**DATA EXCERPT**

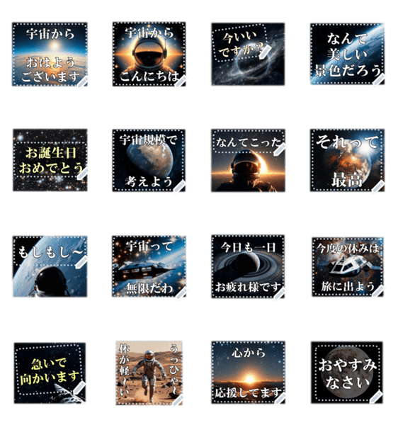 | スタンプ説明 | 自由に文章を書き込めるので挨拶や日常会話・お誕生日祝いなど幅広く使えます♪キラキラ輝く夜空・地球・惑星・火星・宇宙飛行士・宇宙船などのメッセージスタンプ⭐ 現在この商品は一部のスマートフォン版LINE 10.3.0以上のトークルームでのみ使用できます。動作環境の最新情報はヘルプをご確認ください。 |
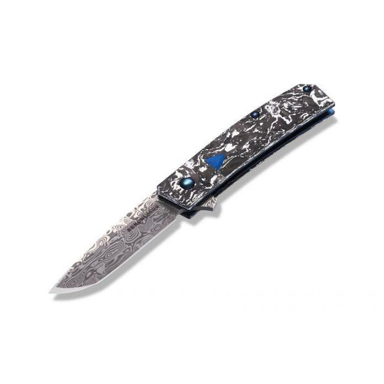 Handle Material-White and Black Marbled Carbon Fiber w/Blue G10 Shield Inlay
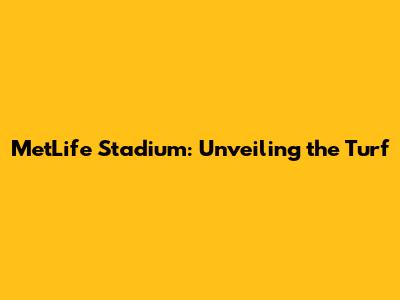 Conclusion: The Turf at MetLife Stadium

**AIM OF THE EXERCISE**
Retype the listing above exactly. Pictures are not part of the copy.

**ANSWER BOX**
 | スタンプ説明 | 自由に文章を書き込めるので挨拶や日常会話・お誕生日祝いなど幅広く使えます♪キラキラ輝く夜空・地球・惑星・火星・宇宙飛行士・宇宙船などのメッセージスタンプ⭐ 現在この商品は一部のスマートフォン版LINE 10.3.0以上のトークルームでのみ使用できます。動作環境の最新情報はヘルプをご確認ください。 |
 Handle Material-White and Black Marbled Carbon Fiber w/Blue G10 Shield Inlay
 Conclusion: The Turf at MetLife Stadium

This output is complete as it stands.